Iceland: What To Do And See In And Around Reykjavik

The Blue Lagoon is recognised as one of the wonders of the world.
As this hiker demonstrates, standing at the edge of a cliff overlooking the Skaftafell Glacier in Skaftafell National Park, Iceland is an adventurer's dream.
As this hiker demonstrates, standing at the edge of a cliff overlooking the Skaftafell Glacier in Skaftafell National Park, Iceland is an adventurer's dream.

It's not often you hear of an Aussie jetting off to Iceland, and for good reason -- it's a 30-hour trip to get there, give or take, and is pretty much as far from Australia as you can get.

Iceland is arguably most famous for being one of the best vantage points to witness the Northern Lights -- a spectacular display of charged gas particles released from the sun's atmosphere which create vivid streams of green light as the particles collide. You're most likely to witness them from late August through to April, in the country's winter, though conditions need to be exact and they are elusive.

Travelling to Reykjavik outside of winter has its perks. For one, you can actually see stuff during the day -- from mid-May to mid-August the sun only sets for three hours (with a period of 24 hour daylight).

Beyond the Northern Lights, Iceland is a hikers dream with countless dormant volcanoes, waterfalls and glaciers to explore. There's a few volcanoes still active, three of which have erupted in the past 20 years.

Reykjavik itself, somewhat surprisingly, doesn't really look the way you might picture. Two-thirds of Iceland's population of 330,000 resides in the capital city, though aside from a few blocks in the old town, it's less about cutsie ski-lodge style architecture and more about functionality. Being one of the coldest and windiest places on earth means that buildings need to be strong -- and warm.
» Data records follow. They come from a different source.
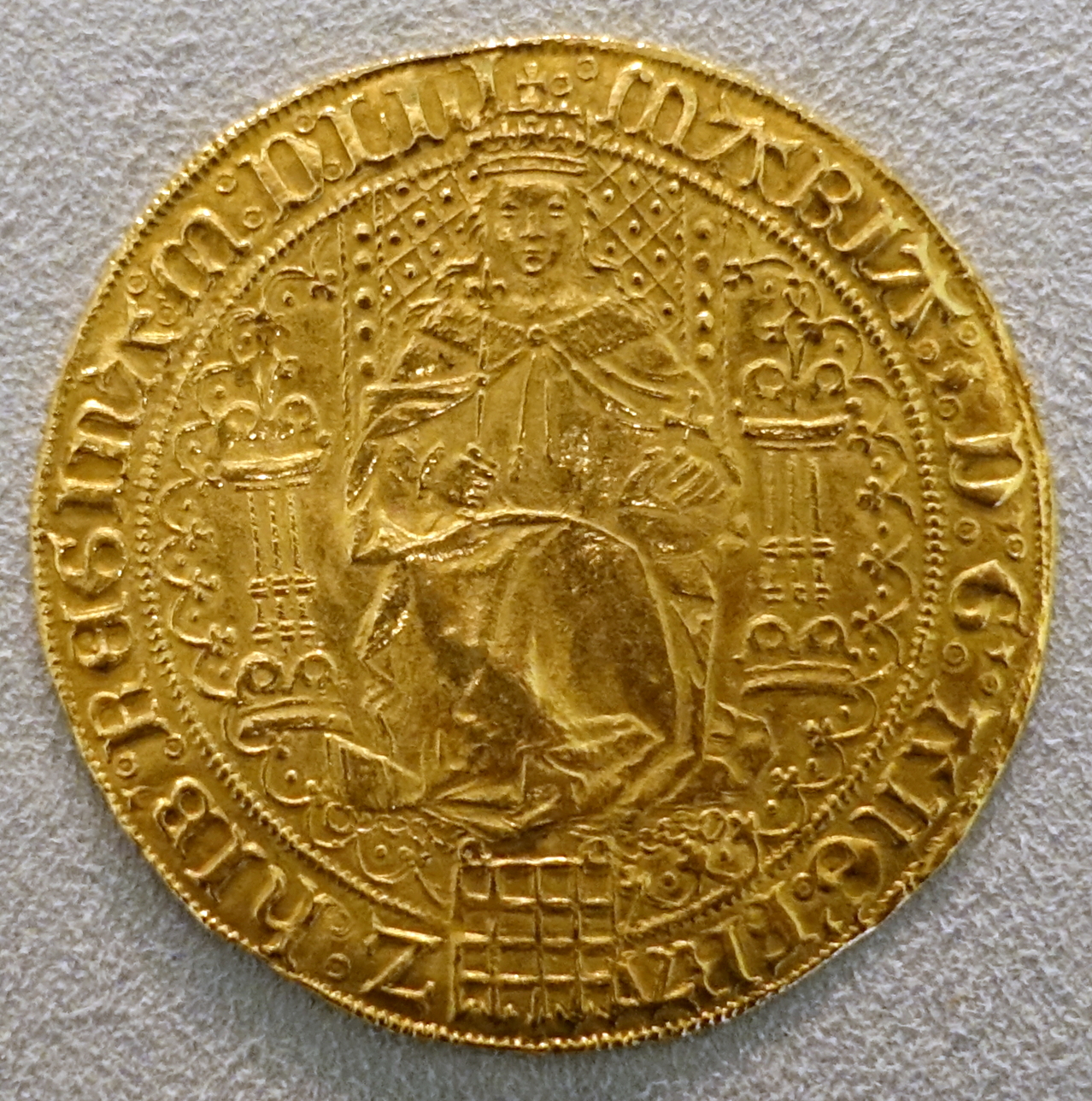1553년 주조]]소브린(Sovereign)이라는 금화는 1489년 헨리 7세 시대에 발행된 무게 240 그레인의 금화가 20 실링과 같은 값으로 된 것이 최초이다. 이 금화는 그 전까지 유통되던 천사가 그려진 Angel (coin)|엔젤 금화영어와는 달리, 옥좌에 앉은 국왕이 그려져 있었기 때문에 소브린(군주)이라고 명명되었다.[50]
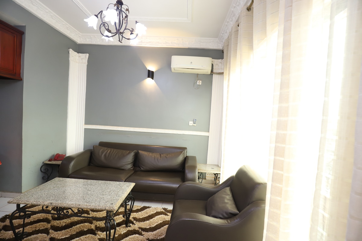 Location :GPS (3°53'01.4"N 11°31'01.1"E) or (3.883709, 11.516958) Vacation Home Near Bastos and Downtown Yaoundé. These are 3 studios available for rent to visitors. You will have 1) large Living room with a large Visio TV 2) Modern Kitchen with a gas cook-top 3) One guest bath room 4) One master Bedroom with private shower an Bathroom. 5) Fiber optics internet connection with Wifi 6) Video Phone access from your Room and Optional BBQ on Request.
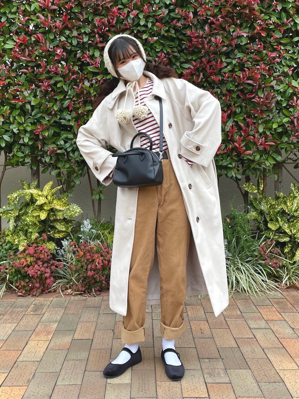 冬のカジュアルコーデ☃🧶 イヤーマフとコートを白で合わせて冬らしく◎ この色の組み合わせがお気に入り🤭
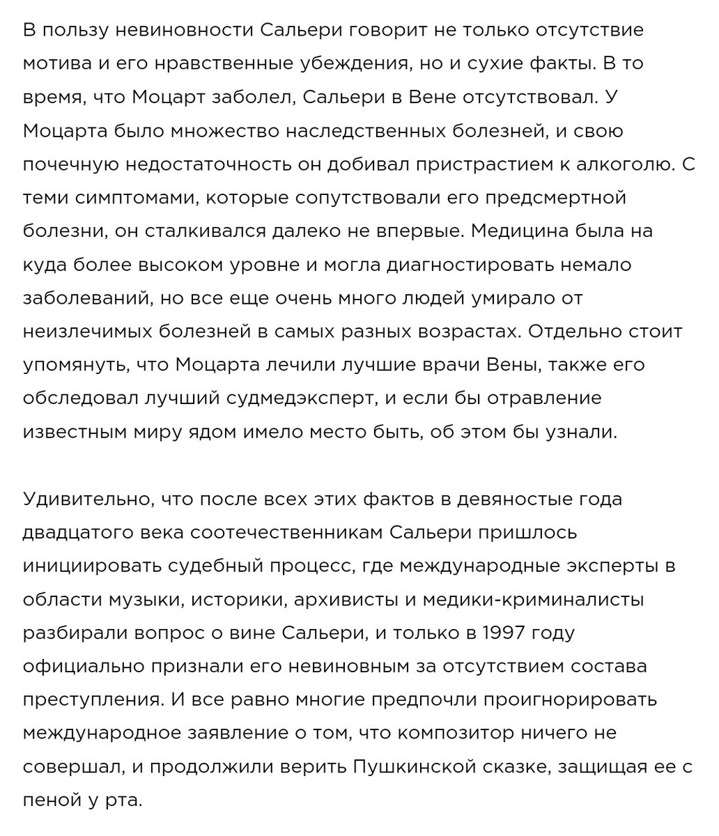 Тут не буду долго распинаться о причинах того, почему Сальери игнорировал обвинения в убийстве Моцарта, но Сальери Моцарта не травил. Вот отрывок из моей старой статьи на эту тему, так сказать с предельно объективными фактами для тех, кому все равно на презумпцию невиновности:
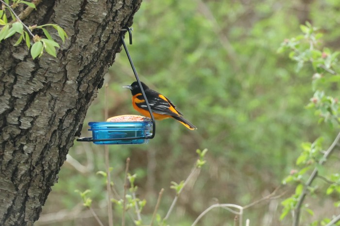 Welcome visitors to our backyard have returned and they seem very very hungry. We welcome back the hummingbirds and the Baltimore orioles. Such fun to watch. I haven’t seen any photos from Joey’s backyard so I’ll assume he hasn’t even filled his feeder yet.
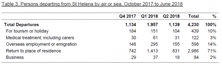 The total number of departures for the second quarter of 2018 was 1,139, substantially less than the first quarter (1,957) but about the same as the fourth quarter of 2017. This reflects the typical observed seasonal pattern, when St Helenians visiting for the Christmas period return in the first quarter of the year. Just over two–thirds of all departures were people returning to their usual place of residence. Some 14% were people who left to take up an overseas employment opportunity or to emigrate, and a further 10% were residents of St Helena departing for a holiday (see Table 3).
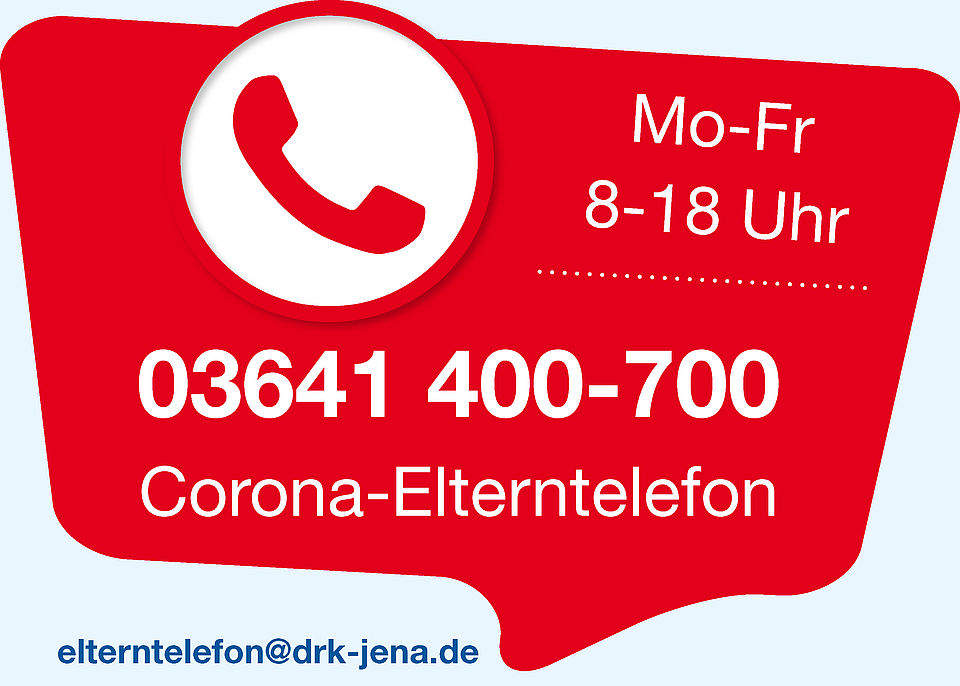 Ab Montag (23. März) ist das Corona-Elterntelefon unter Tel. 03641 400-700 geschaltet. Sozialpädagogische Fachkräfte stehen montags-freitags von 8-18 Uhr bereit und haben ein offenes Ohr für Fragen, Nöte und Sorgen der Anrufer angesichts der krisenbedingten Veränderungen im familiären Alltagsleben. Parallel dazu können Anfragen auch über elterntelefon@drk-jena.de gestellt werden.
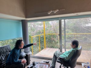 ライターの今村守之さんによる横尾さんインタビューでは、サンタナ『ロータスの伝説』をはじめ、横尾さんが手がけたアルバムアートにまつわるエピソードを語っていただくとともに、横尾さんの描く絵が「まるで死後の世界のようですが、どうしてこういう絵が描けるのでしょう?」といったお話もしました。
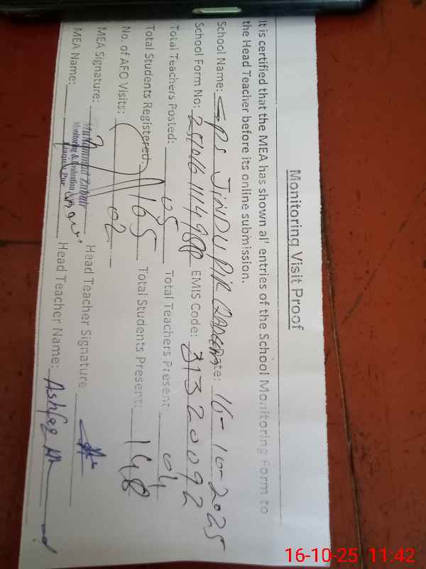 | Attendance Register | Head Teacher | MEA with School | Visit Proof |
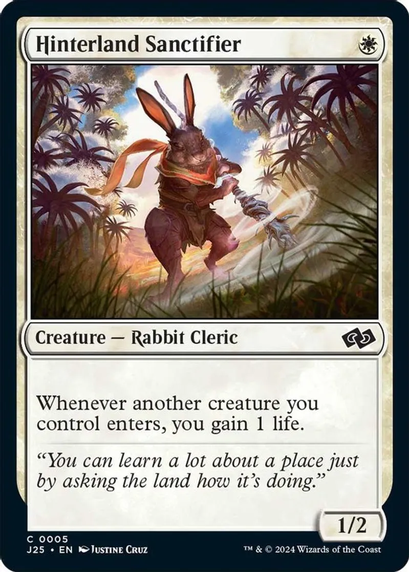 Magic: the Gathering (mtg) Common creature — rabbit cleric Hinterland Sanctifier from Foundations Jumpstart (J25) last updated 2026-04-11 15:34:03
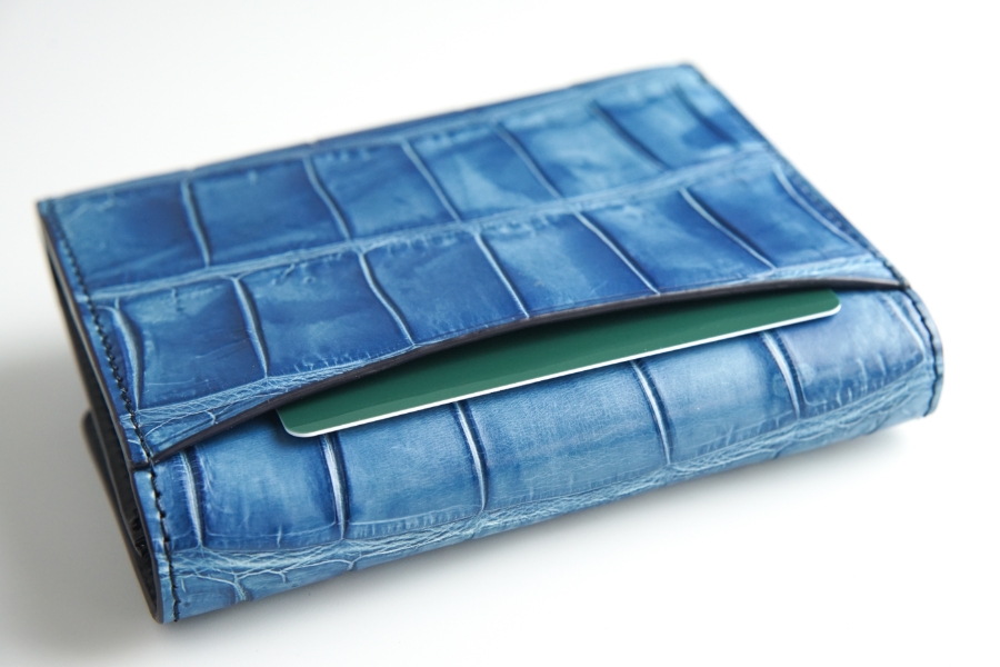 「藍染」で染め上げたナイルクロコ。古来よりジャパンブルーと言われた、日本の美しい伝統色は使うほどに色艶深く変化します。
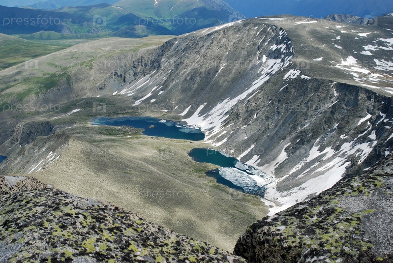 Вид на озера с вершины горы Колбан, Горный Алтай
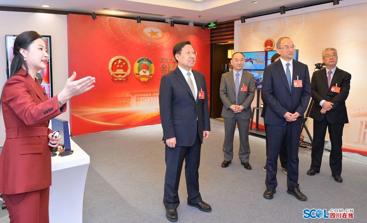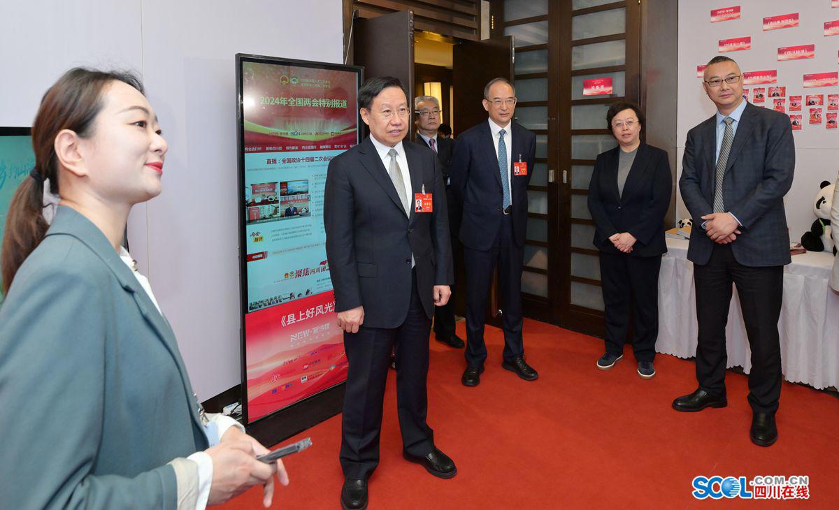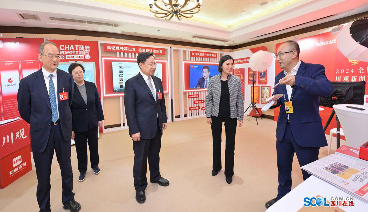 王曉暉、黃強先后來到四川日報報業(yè)集團、四川廣播電視臺和四川新傳媒集團設(shè)在駐地的演播廳,聽取各媒體宣傳報道總體情況介紹,詳細了解重大主題報道、重點選題策劃、人工智能技術(shù)賦能產(chǎn)品創(chuàng)新等情況,并饒有興致地察看全國兩會報道作品、特色文創(chuàng)產(chǎn)品展陳等。王曉暉對中央有關(guān)媒體和我省主要媒體全國兩會宣傳報道取得的階段性成效給予肯定,對大家的辛勤付出表示感謝。他說,今年全國兩會,是在新中國成立75周年、實現(xiàn)“十四五”規(guī)劃目標任務的關(guān)鍵一年召開的重要會議,舉國關(guān)注、舉世矚目。連日來,大家聚焦大會主題,緊貼民生關(guān)切,充分發(fā)揮媒體融合優(yōu)勢,堅持會內(nèi)會外緊密結(jié)合、北京四川時時聯(lián)動、前線后方密切配合,推出了一批有深度、有溫度、有力度的新聞報道,全面反映了大會盛況,展示了代表委員履職風采,展現(xiàn)了全省上下朝著全面建設(shè)社會主義現(xiàn)代化四川闊步前行的奮進姿態(tài)。希望大家發(fā)揚連續(xù)作戰(zhàn)精神,再接再厲、善始善終做好各項報道工作,為全國兩會圓滿成功營造濃厚氛圍。
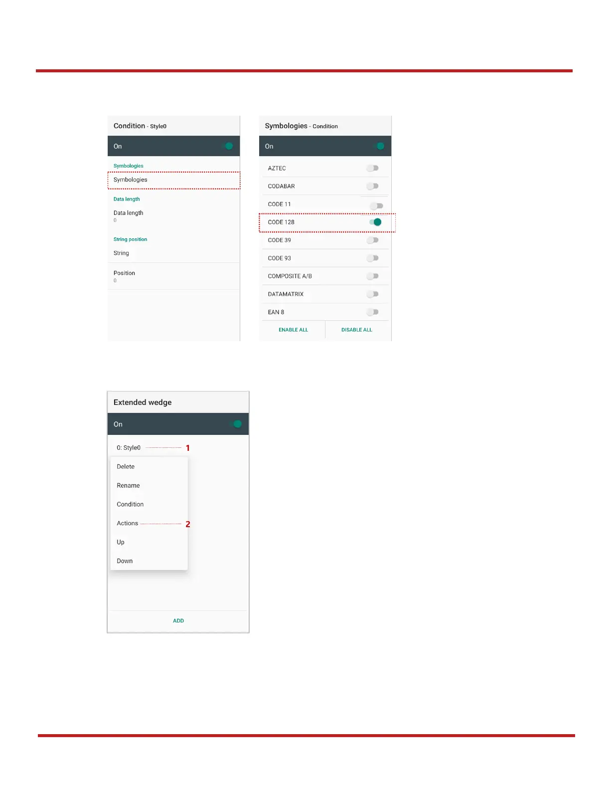 2. Tap Symbologies and select CODE128 among the symbologies.

The entire country is refreshingly modest -- it's rare to see a luxury car on the roads and that's on account of both the cost to have them imported and the need for a more hearty vehicle in the snow and wind.

Locals are very friendly and speak great English. Aside from the Icelandic accent you'll hear a lot of Americans about town -- New York is a five-hour flight away which makes it a great long weekend trip for those from the U.S.

Traditional fare in Iceland includes horse, whale, shark and puffin -- yes, those adorable little birds that look a bit like penguins. Though it might seem uncouth for us Aussies to eat whale, that's their way of life, and Iceland has excellent fishery regulations which prevent the overfishing of their ocean. Everything caught or grown in Iceland is valued and respected -- due to most of the earth being volcanic rock, fruits and vegetables are purposely grown in hothouses. The result is a strong respect for all food. There is a lot of potato.

Interestingly, McDonald's failed in Iceland due to the exact recipe requirements, which meant most of it needed to be imported. The price for a Big Mac meal was roughly $25 -- not sustainable when there was much cheaper alternatives. You'll find a Zara in the mall but no H&M as yet.

When it comes to what to drink, turn on the tap and enjoy the most amazing water, filtered for thousands of years through the glaciers.